Она сурово смотрела на каждого из нас, давая понять этим взглядом, что за мамин покой отвечаем и мы, тут вот сидящие.
А под конец вечера, то ли ее так разогревал кипяток с яблоками, то ли на нее действовал Шуркин беспомощный вид, когда он, сонный, начинал ей соваться в колени, а только вся суровость со старухи слетала, и она принималась наговаривать эти самые жалостные слова: «Шуронька, Наташенька, Ленюшка…» Единственный, кто никогда никакой напрасной жалости не выказывал мне, так это Валерьян Петрович.
Директор пришел к нам в тот же вечер, когда я отказался переселяться к Бабашкиным.

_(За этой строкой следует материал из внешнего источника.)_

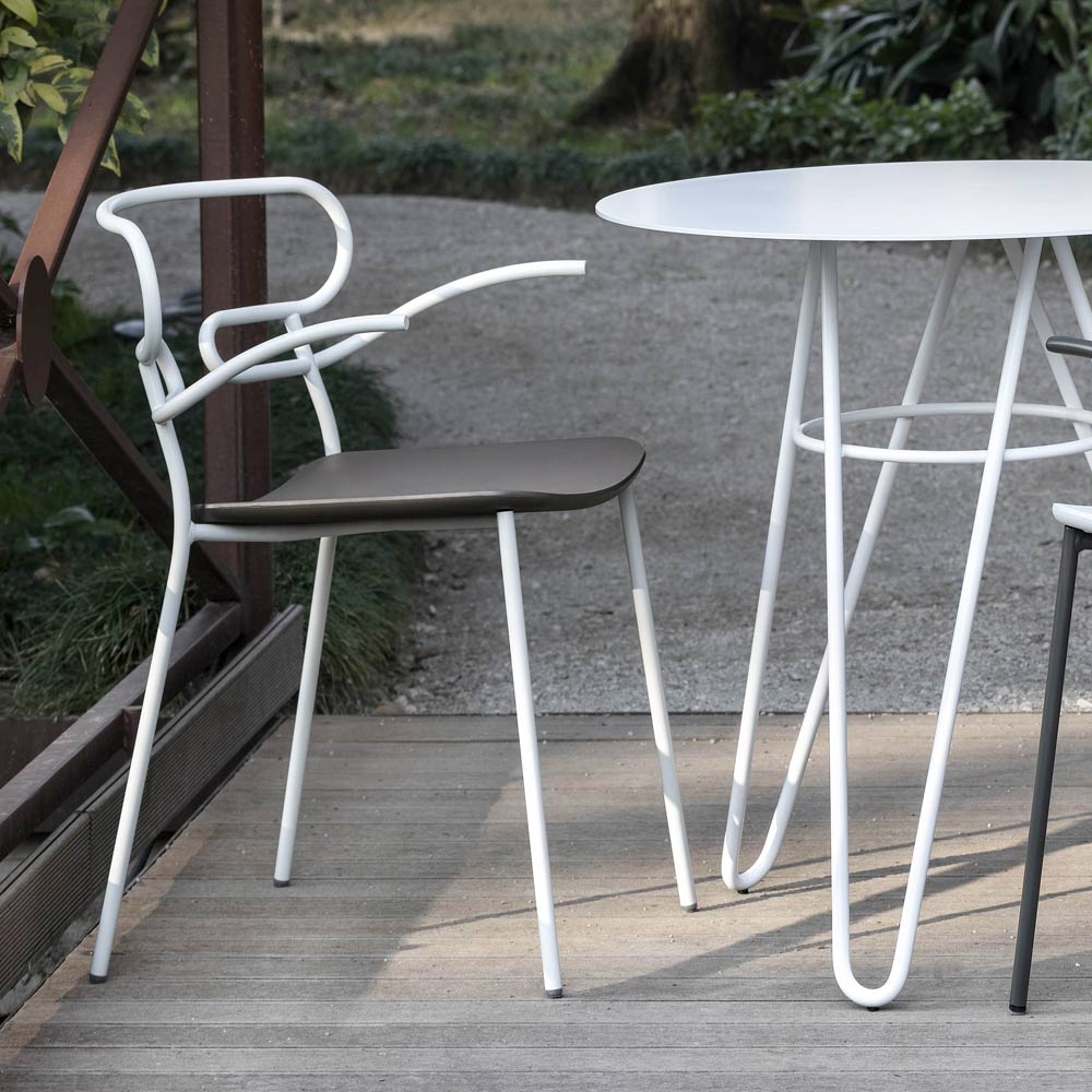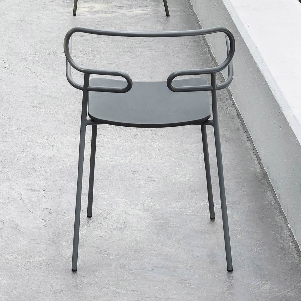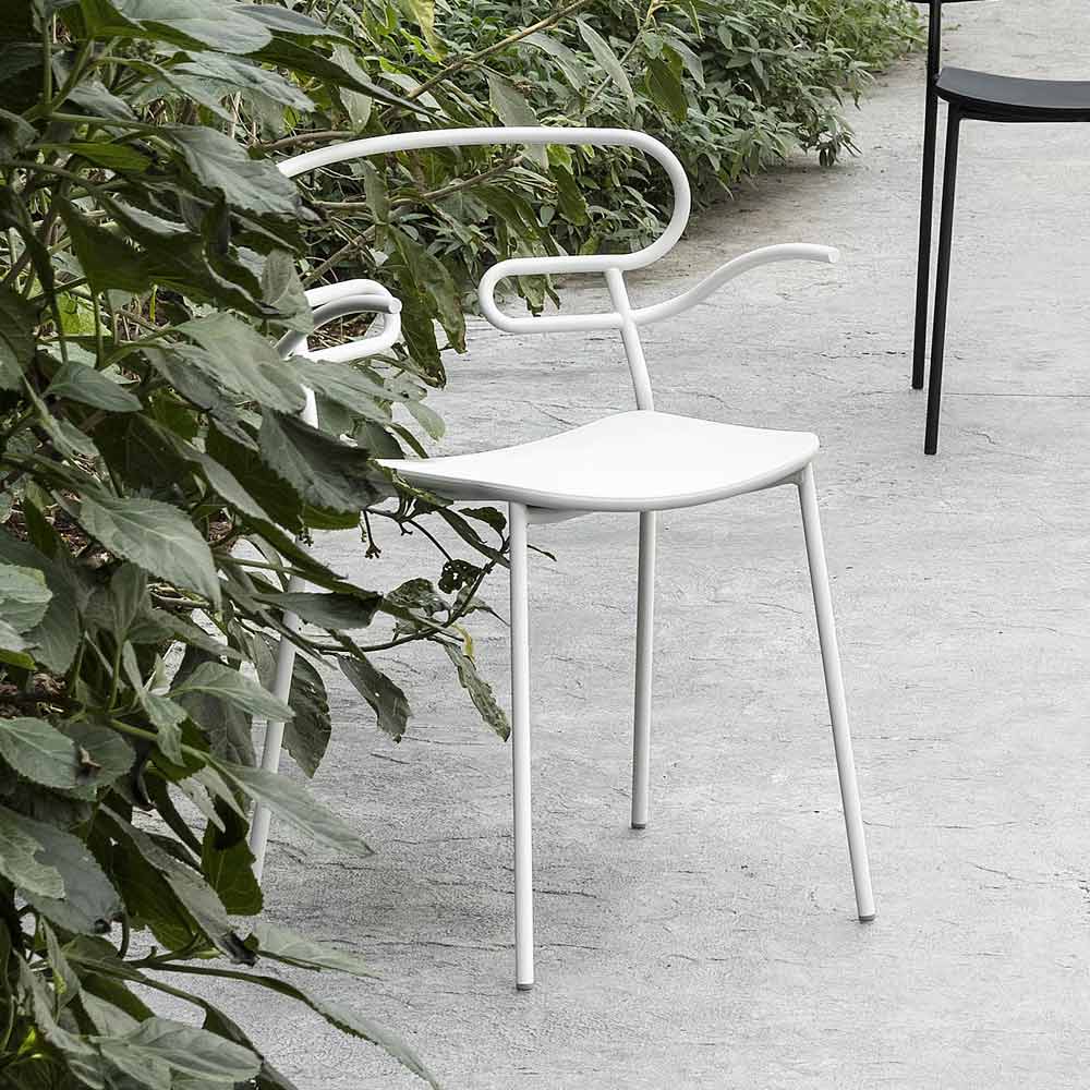 Outdoor chair made in Italy with painted metal structure and polyurethane seat. Simple and essential, this complement stands out thanks to its light lines and the particular shape of the backrest obtained through the curvature of a single metal tube, thus creating an unusual and avant-garde design. Ideal for decorating your outdoor areas with personality such as gardens, verandas and terraces, it has a particularly functional feature that is the possibility of stacking to obtain a practical and easily arranged solution by optimizing your spaces when the chairs are not used.

Старуха нажаловалась, и он сразу спросил, чего это я заупрямился.
– Нет, не заупрямился, но уйти из дома не могу.
– То есть? – потребовал ясного ответа Валерьян Петрович, и я рассказал обо всем, что передумал в те недавние минуты.
Я не раз видывал в окрестных деревнях заброшенные дома. Они стояли с гнилыми крыльцами, с рыжими мертвыми замками на дверях. В эти избы, покинутые однажды, обратно уж редко кто возвращался. А я не хочу свой дом видеть таким. А я хочу: пусть в нашем доме всегда шумят Шурка с Наташкой; пусть всегда сквозь талое окно смотрит на улицу мамин цветок – ванька мокрый; пусть каждое утро над нашей трубой поднимается теплый дым. Ведь от всего этого нам с ребятами кажется, что папа и мама рядом с нами. А если и не с нами, то все равно скоро возвратятся – дом-то жив!
Директор ни разу не перебил меня, слушал внимательно, а потом потер свою круглую бритую голову, сказал:
– Ну и ну! Мистика-фантастика какая-то. А впрочем, ты прав. Когда я уеду на фронт, мне бы тоже хотелось там думать, что мой дом без меня не опустел.
В голосе Валерьяна Петровича послышалась грусть. Я подумал о его безлюдной, населенной лишь книгами квартире, о его нетопленой кухне с примусом на холодном печном шестке и сразу сказал:
– Ваш дом тоже не опустеет. Ваш-то дом, если считать по-настоящему, всегда в школе. А разве школа опустеет? Ни за что!
Валерьян Петрович задумчиво посмотрел на меня, ничего не сказал, а потом встал и произнес уже совсем другим, бодрым голосом:
– Что ж, быть по-твоему! Оставайся, держи оборону здесь.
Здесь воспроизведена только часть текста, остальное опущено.